Following Honeyager 2013’s framing, we’ve used a single T-matrix spheroid code path with four choices of (ρ_eff, axis ratio) to span four physically distinct hydrometeor classes. Two observations pop out that matter for interpreting dual-frequency radar data:

  • The size at which DWR departs from zero is set by χ = πD/λ (≈ 1 mm at W-band), not by ρ_eff. But the amplitude and shape of the DWR(D) curve beyond that threshold is a direct fingerprint of ρ_eff: dense classes oscillate strongly, low-ρ aggregates rise smoothly and slowly.
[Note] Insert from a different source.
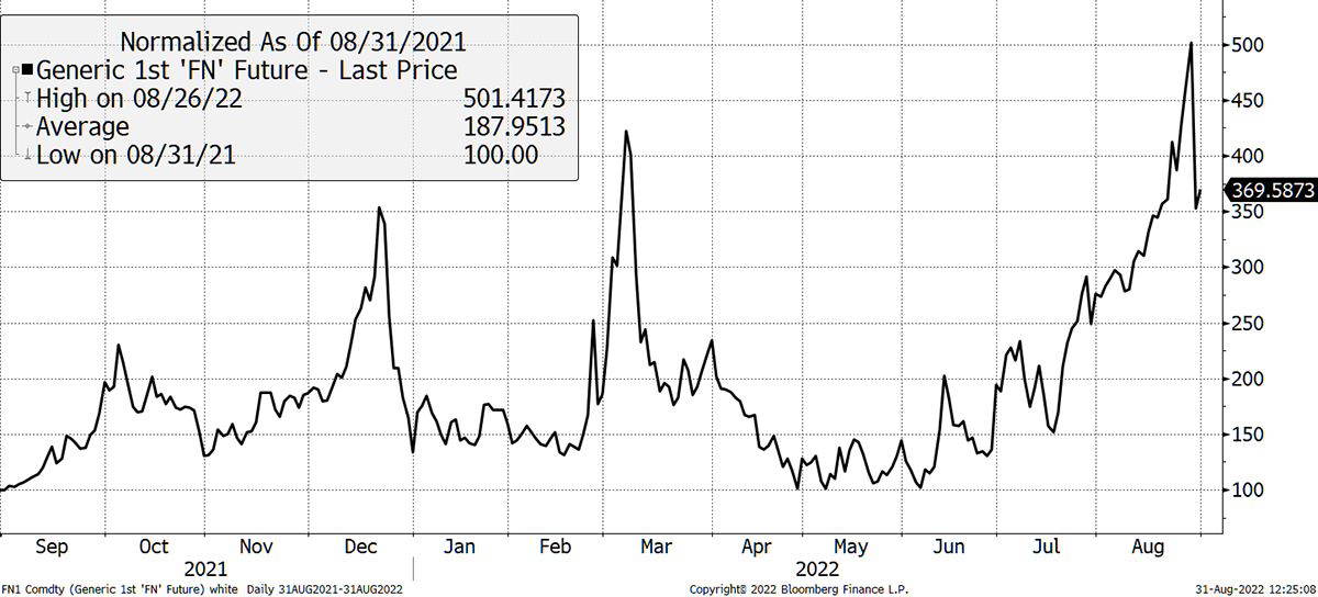 Ultimately, what we need is a recovery in demand. In this regard, the last few days have offered encouragement. Activity has notably picked up, as shown below. Perhaps it’s a “return-from-holiday” effect, but the August apathy appears to be over, and some sizeable blocks have been absorbed by the market at current levels (as shown on the Reference chart on the Terminal). You can follow the data on the site under the “Charts” heading.
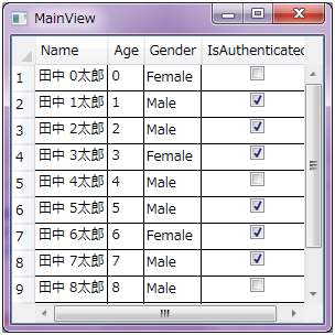 このコードの実行結果は次のようになります。DisplayRowNumber 添付プロパティに 1 を指定したため、行番号は 1 から始まっています。また、あくまでも行番号であるため、列をソートしたとしても、この番号は変わらず 1 から順に表示されるようになります。

  • Bulk DWR sweeps out very different trajectories with D₀, so a single (Z_h, DWR) measurement can be mapped to a habit-dependent D₀ estimate provided you commit to a class — this is exactly the lookup-table strategy that papers like Mason et al. 2019 and Tridon et al. 2019 build their retrievals on.

  • Spectral DWR resolves habit ambiguity that bulk DWR can’t: graupel’s Mie resonances appear as wiggles in sDWR(v), while low-ρ aggregates produce a smooth monotonic rise.

Swapping (ρ_eff, axis_ratio) for any other habit class (dendrites, rimed aggregates, hail) is one CLASSES dict entry away.